Telstra and identity theft

Posted on: August 17, 2009

I have just been rung by Telstra about a billing problem – for some reason it turns out that my bills have been going to Ballarat, a lovely town but one I haven’t been to for at least 20 years, and certainly not a place where I have a post office box, so of course the bills have been going unpaid.  

It was one of those annoying inexplicable mishaps of modern life that takes a while to sort out.  But what I wanted to write about is Telstra’s ridiculous practice of ringing you up and then asking you to confirm your name and your date of birth.  In a world where we are told identity theft is an ever present danger, and that we should not give personal information out unless we are completely and utterly sure of who we are speaking to, it is Telstra’s normal practice to ring people and ask them to give out their name and their date of birth to someone who could be absolute anyone.

You wouldn’t have to be a particularly clever identity thief to realise that all you have to do is look someone in the phonebook and ring them claiming to be Telstra, and bingo, you’ve got their date of birth and you’re on your way.  Thanks for grooming everyone Telstra.

I’ve written a letter and had no reply, I bring it up with them every time they ring me, but the only thing that happens it that they get miffed that I am suggesting that they might not be Telstra.  Even though they have just suggested to me that I’m might not be me.
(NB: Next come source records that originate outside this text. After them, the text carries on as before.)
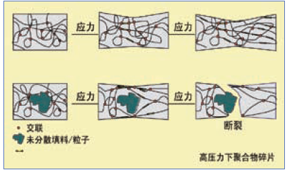 圖2和圖3顯示了短纖維與其它增強材料的不同之處。當高應力應用于具有良好整體分散性的橡膠零件時,該零件將保持其完整性。然而,當相同的力被應用到有分散不良或凝聚顆粒的橡膠部件時,橡膠和粒子之間的界面會發生斷裂,從而導致失效。含有良好分散短纖維的同一橡膠制品在類似的應變下能抵抗斷裂,很有可能在不失效的情況下抵抗更高的應變。
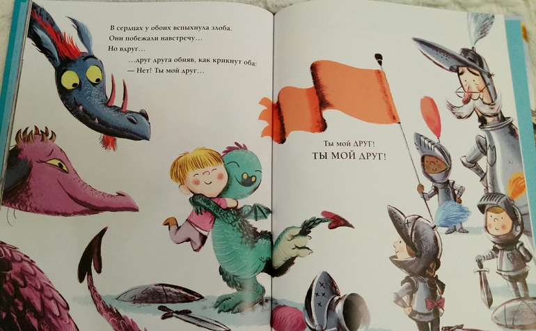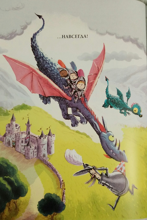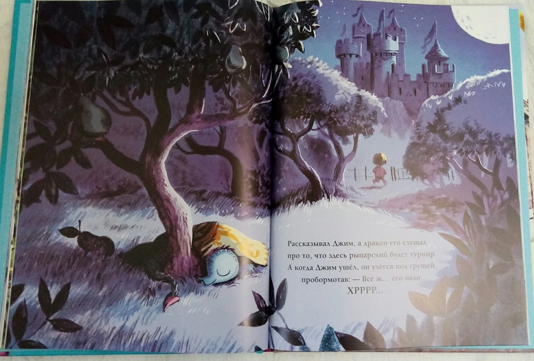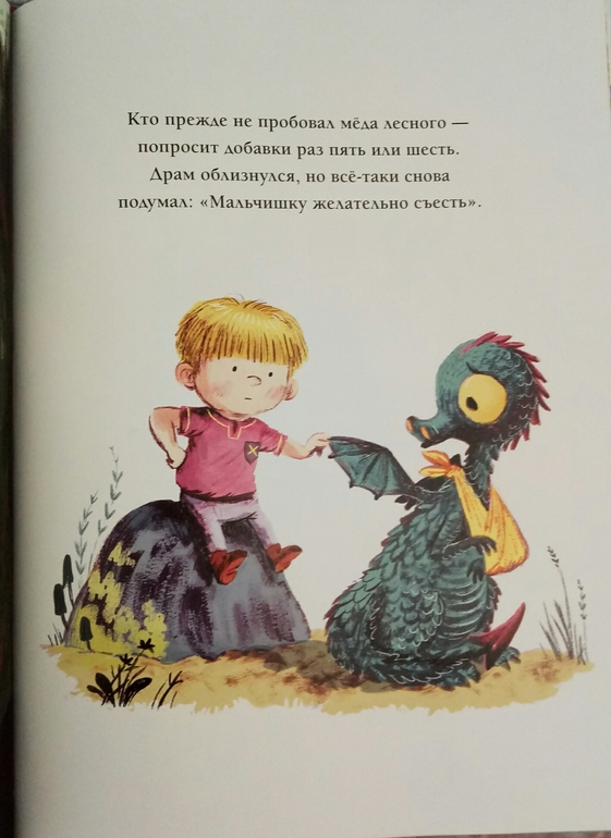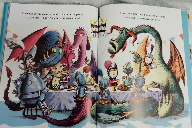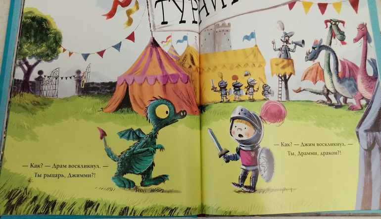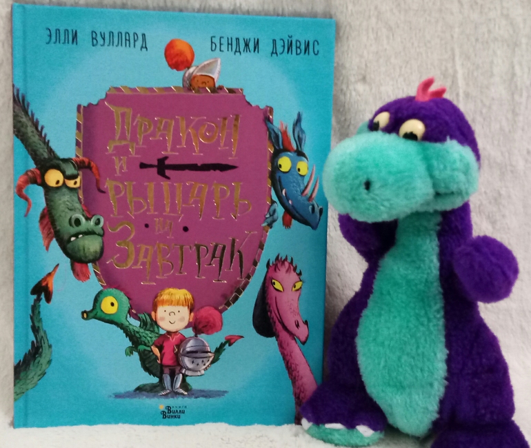 И не прогадала, нам книжка очень понравилась! Ну конечно, Драконы! Сын недавно с ними очень успешно познакомился, и мне хотелось продолжить тему) и название Дракон и рыцарь на завтрак, как будто выдавленное золотыми буквами на красочной обложке, сразу привлекло мое внимание!
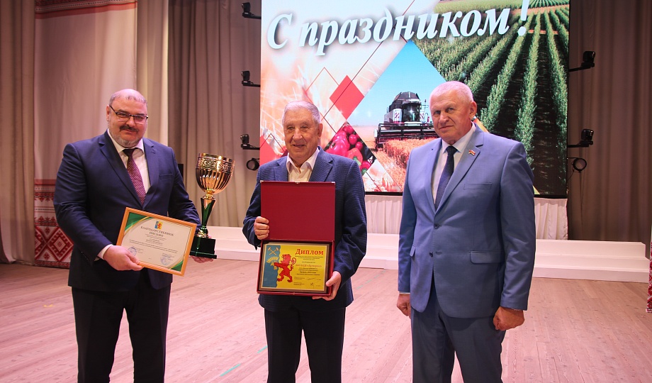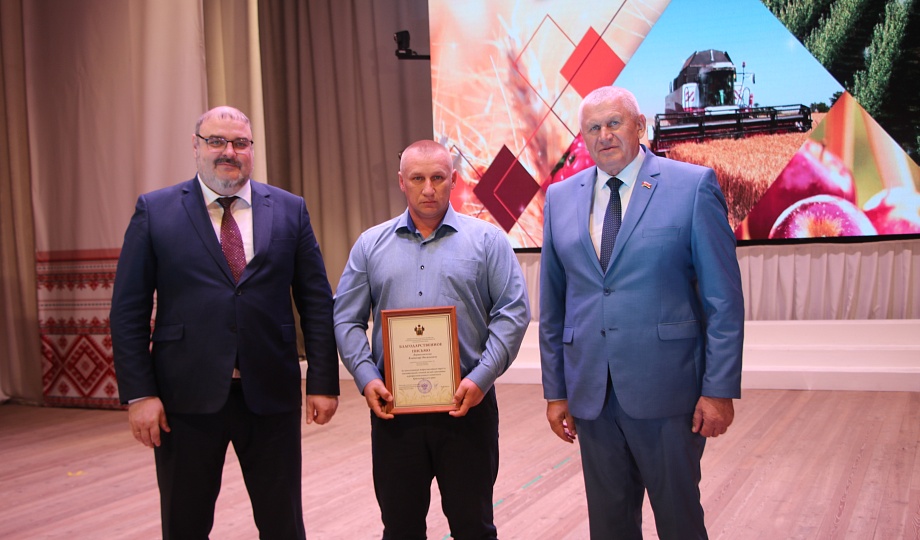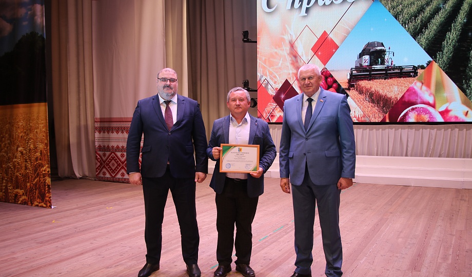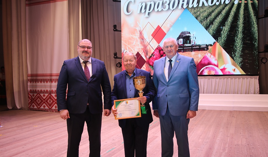 Чествование наших земляков, внесших неоценимый вклад в развитие сельского хозяйства началось с приветственного слова главы района Александра Гомодина и председателя Совета Евгения Шутова.
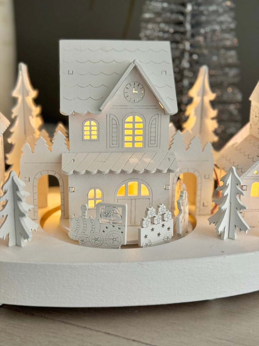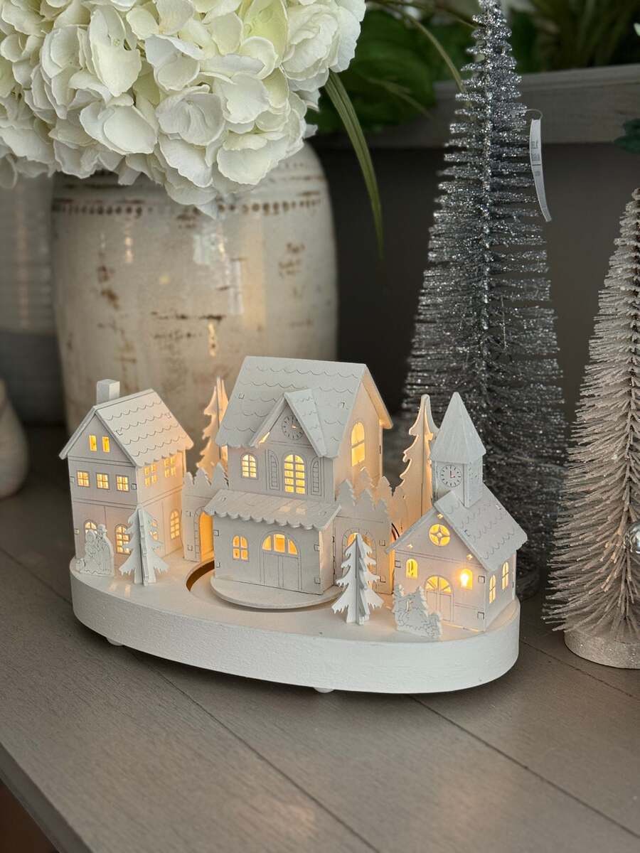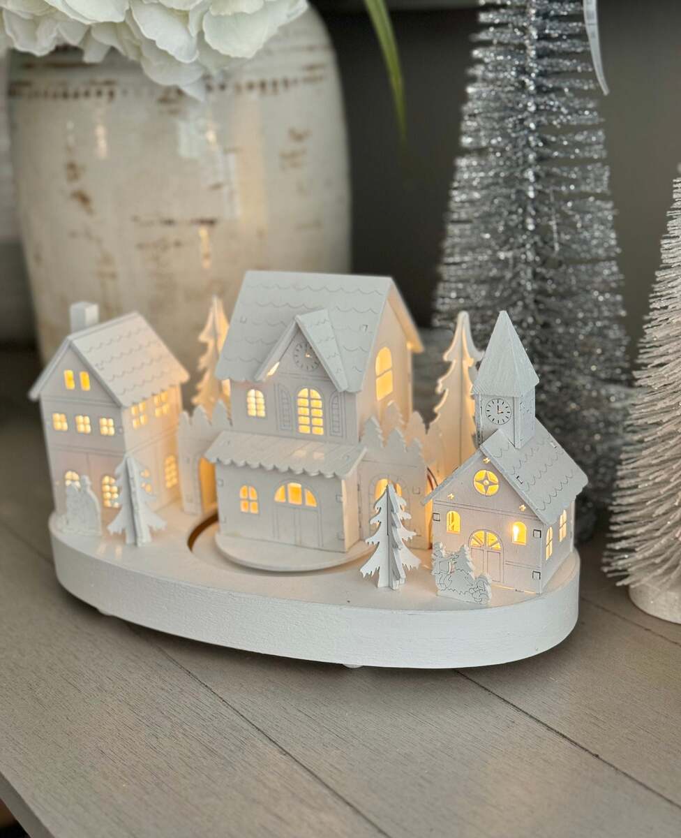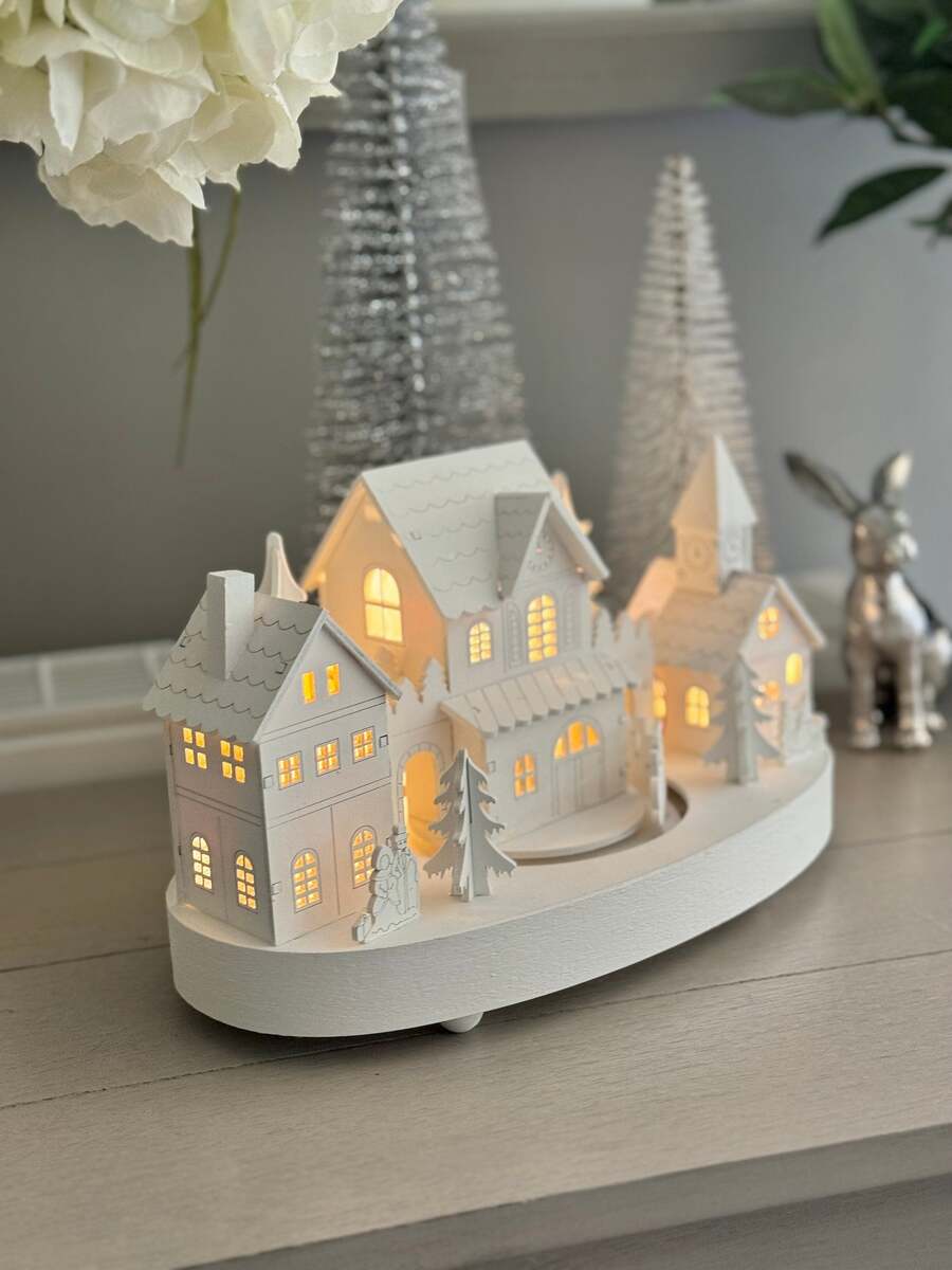 This lovely white wooden house with a sweet rotating train. A snowy village scene with a central house. A working train travels around the house in a circle with a chapel on one side with white Christmas trees
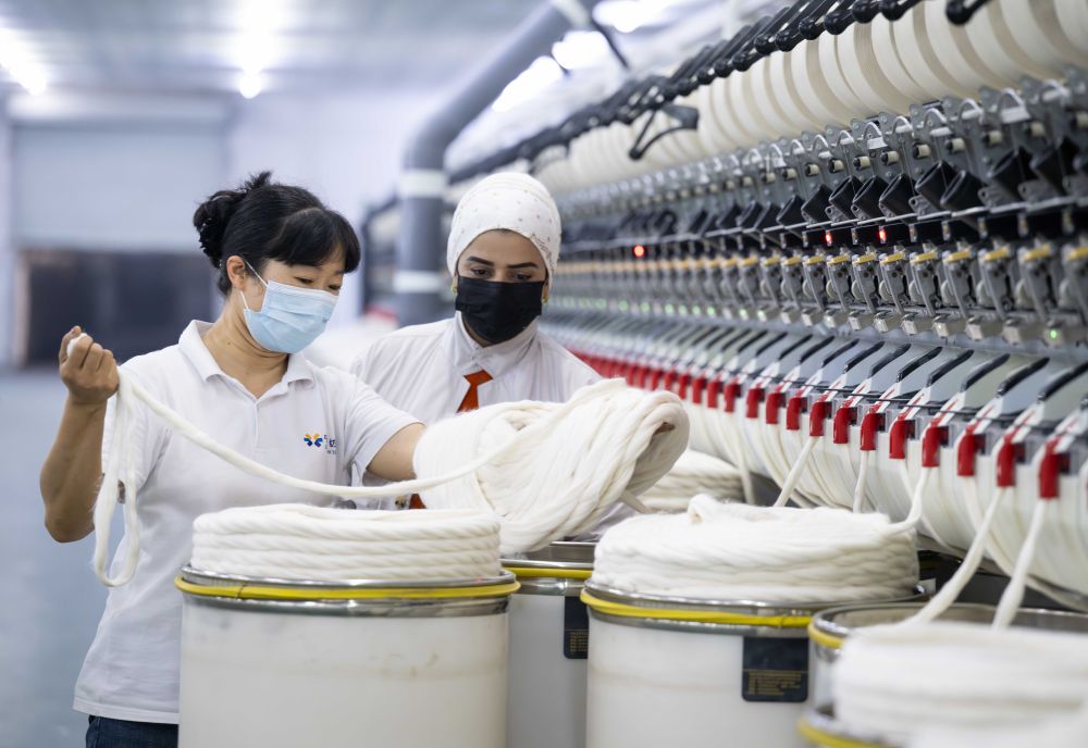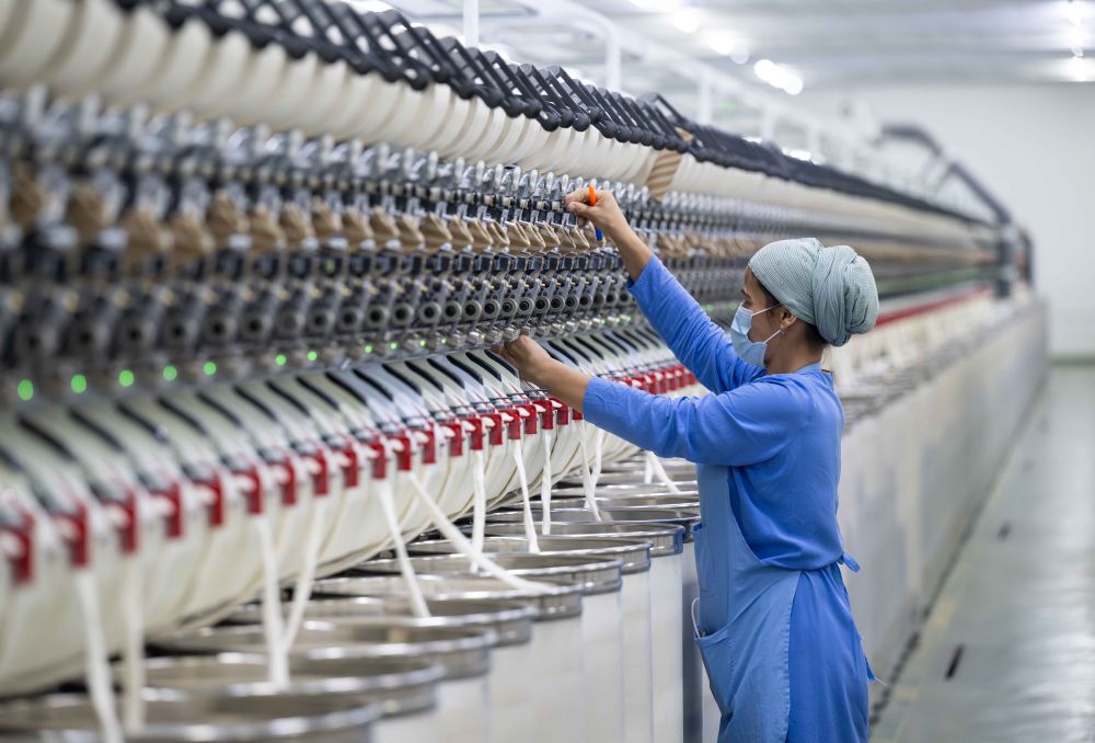 一名中方员工在中塔合作项目丹加拉农业纺织产业园的纺纱二车间工作。
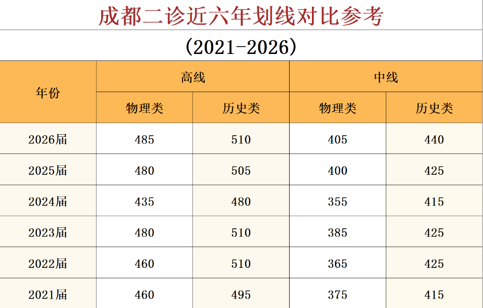 从近六年成都二诊划线变化来看(2021-2026年),物理类高线在2024年出现一个低谷(435分),随后在2025年回升至480分,2026年继续微涨至485分,显示物理类考生整体竞争水平有所回升。
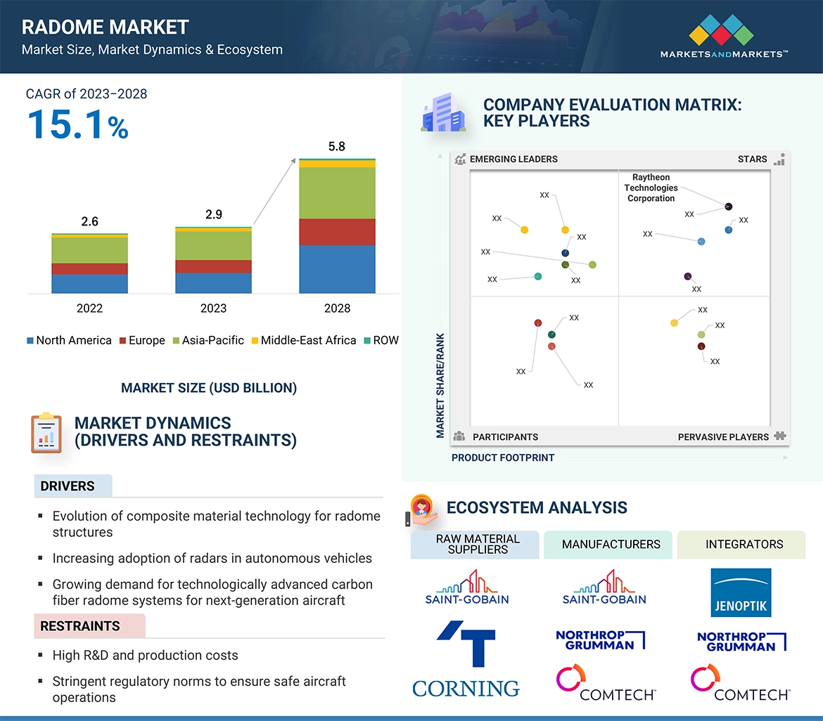 Note: An analysis of technological, military funding, year-on-year launches, and operational cost were carried out to arrive at the CAGR and understand the market dynamics of all countries in the report. The market share for all size, operational orbit, component, application, and end user was based on the recent and upcoming launches of radome in every country from 2023 to 2028.
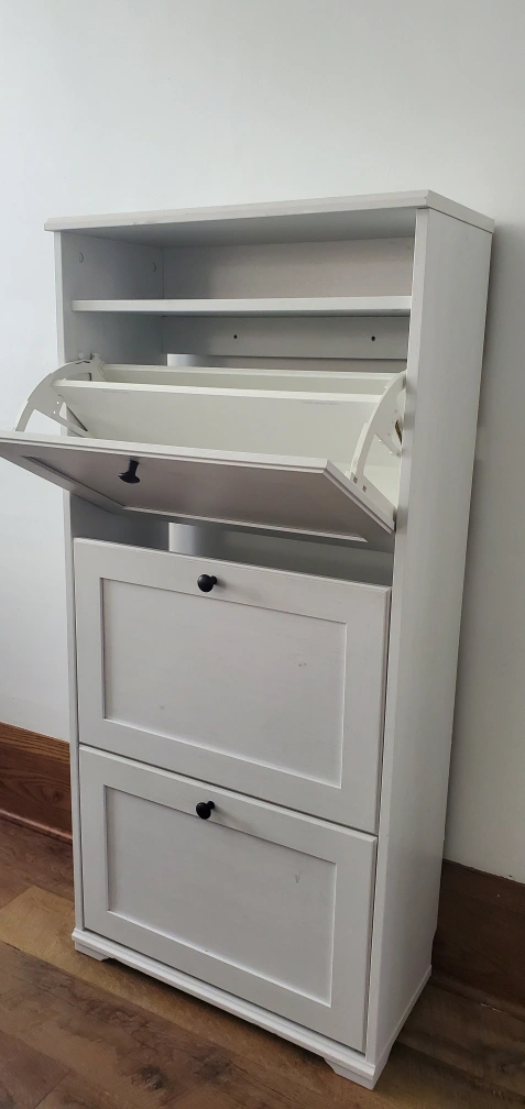 IKEA Brusali Shoe cabinet, as good as new. Three compartment, white, and adjustable dividers inside shoe compartment. No scratches. Please pick up. Cash preferred.
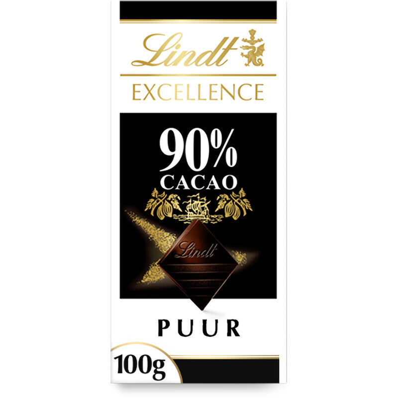Die Lindt Excellence Zartbitterschokolade besteht aus zarter Zartbitterschokolade mit 90 % Kakao, mit kräftigem Aroma und vollem Kakaogeschmack: ein Genuss für alle Sinne.
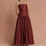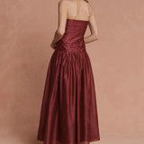 Introducing Lovaan's Nancy Dress in Garnet, a maxi-length strapless gown dress silhouette in a burgundy red garnet color hue. Designed with a gathered, layered bodice and a form-fitting silhouette that falls into a voluminous ruched skirt. Perfect for day-to-evening occasion dressing.

(About the unpaid bills by the way, the fourth person I was put through to at Telstra, after I  rang them back of course, was very helpful, and I think that’s all resolved.  And she even agreed with me about the date of birth thing and said she’d bring it up with her manager.  Thanks Hannah!

6 Comments

  1. Betty slocombe , says:

    Hello Judy: small world no 997; I just saw a photo of you at the Duck’s opening: you look fab.

    Reply
  2. beneb , says:

    comment testing!

    Reply
  3. Caitlin O'Connor , says:

    VERY good point! I won’t have “fly buy” cards because I feel there is already too much data tracking on individuals (I know that makes me sound like a nutcase, I’m not…) and I find Telstra an especially difficult mob to deal with because I don’t want to reveal personal details!

    Reply
  4. judy , says:

    How funny, it never even occurred to me not to use the number they gave me. And here I was feeling so streetwise. Although in Telstra’s case, the man just gave me the general recorded number so I was on fairly safe ground. Helpfully he didn’t give me any hints about what option I should choose, so I did the rounds a bit, which made it pretty clear it was Telstra.

    It’s really shocking that banks and credit card companies do it too, I’ve never had that. So on the one hand they’re sending out emails and letters saying ‘Never give your personal details on email or on the internet unless you are really sure who you are communicating with’ and on the other hand, they’re ringing people up and insisting on personal details. So stupid.

    It’s fine from my point of view, I can be bolshie, but I worry for more vulnerable people, which is why I try to make a point about it. I was so chuffed when today Hannah of Telstra actually agreed with me and thought it was a good point – that’s never happened before.

    Reply
  5. David , says:

    I get this all the time, most ridiculously from the banks and credit card companies.

    I’m apologetic, but firm in not supplying the information, and offer to call them back so I know who I’m talking to. They often helpfully suggest a number to call, which I ignore, and I go look up the bill and call back on the number printed there.

    I find that the Asian call centres are particularly miffed at not getting my personal information when they call me – I suspect it goes to their call resolution performance. Stupid.